I tried to acquire 10GBit/s of UDP traffic most of the time lossless (the measurement device is not capable to hold so much data in the own cache, so TCP is not a solution here).
To test if I can acquire 10GBit/s of UDP traffic I bought 2 Intel X550-T2 NIC's and connected them directly over an 2 Meter Cat7 Cable. But I couldn't bring the receiver side to use more than one CPU to acquire the data over UDP. Using TCP strangely uses all 8 configured RSS queues also I get 10 GBit/s of traffic.
Using Ubuntu Linux 20.04 works also very well (10GBit/s UDP traffic 0% loss).
My question is now, how can I use the RSS also for UDP on Windows 10? And if it does not work, why?
Receiver hardware:
Processor: AMD Ryzen 3900X
Motherboard: X570a-pro
RAM: 64 GB
Configuration:
Windows 10 Professional
Hyperthreading / SMT: Disabled (I don't know if this is required, but Microsoft states, that RCC only uses non SMT processors)
DMA-Coalescing: OFF
Receivebuffer: 4096
Flow control: Rx+Tx
Speed and Duplex: Auto
Interrupt reduction: Enabled
Interrupt reduction rate: Adaptive
IPsec Offload: OFF
IPv4 - checksum offload: Rx + Tx
Jumbo packets: 9014
Large-Send-Offload V2 (IPv4+v6): Enabled
Max. Rss Queues: 8 (I tested also 16, but that changed nothing)
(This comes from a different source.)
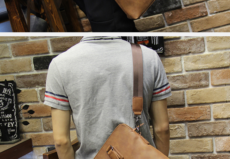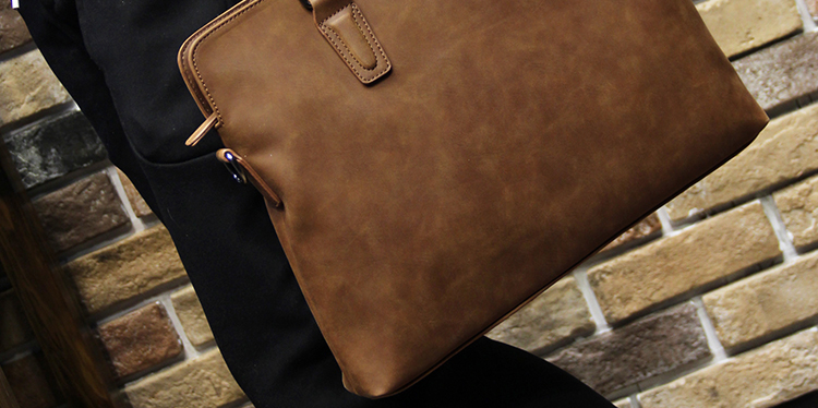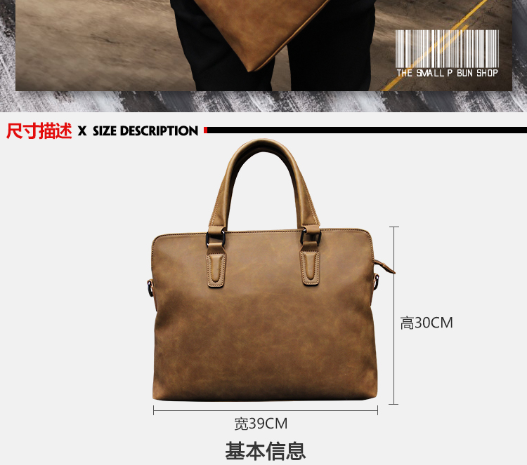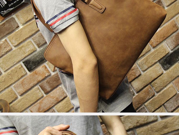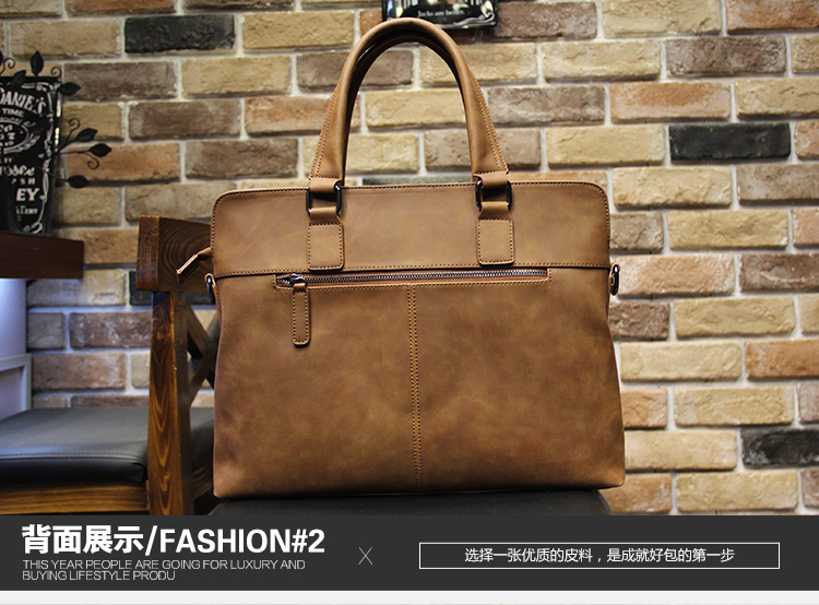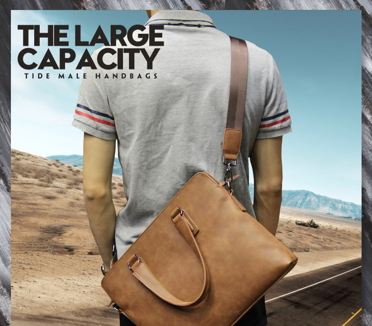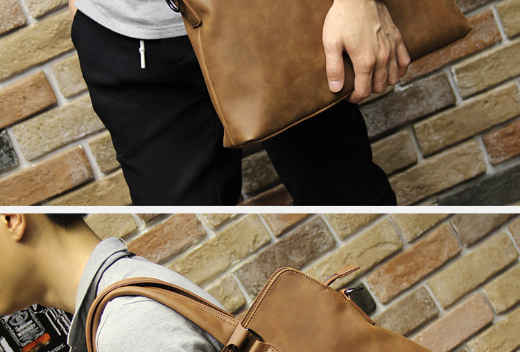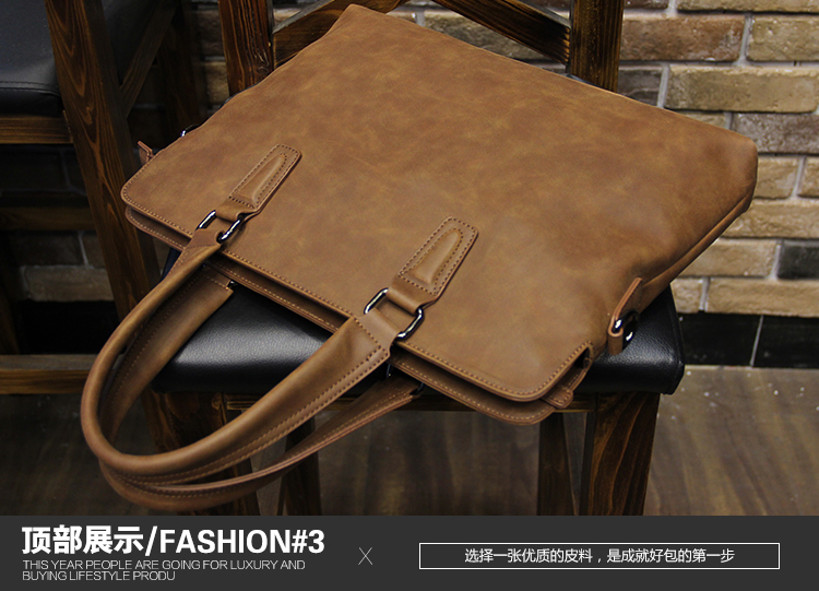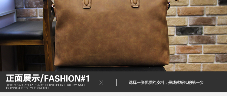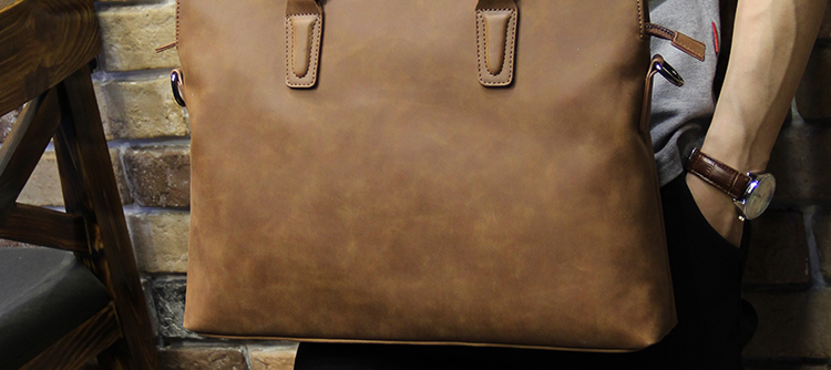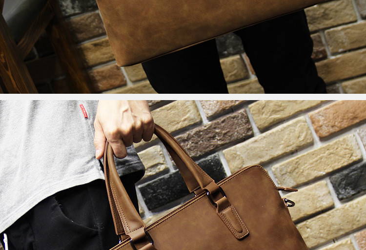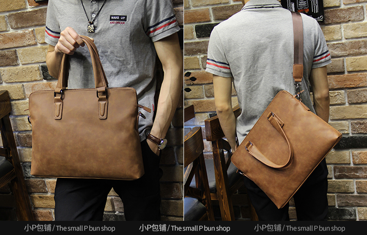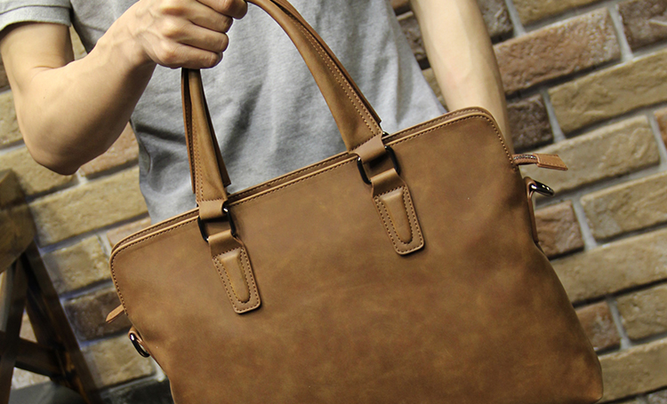 男包韩版潮流疯马皮男士手提包商务单肩包男公文包斜挎电脑包休闲

Package priority and VLAN: Deactivated both (activating both changed nothing)
RSS: Enabled
TCP - Checksum offload (IPv4+v6): Rx + Tx
UDP - Checksum offload (IPv4+v6): Rx + Tx
Sending buffer: 16384
Connection event log: Enabled
Method of testing:
Since RSS is based on hashing of S/R IP + S/R Port, I started 10 receiving iperf3 servers on the receiver, each listening on different ports and started 10 sending clients on the sender.
Sending UDP packages occupies one whole CPU/core of the receiver, bot non of the other cores. And only 5GBit/s could be acquired.
Sending TCP packages occupies all the specified 8 receiving queues and 10Gbit's could be acquired.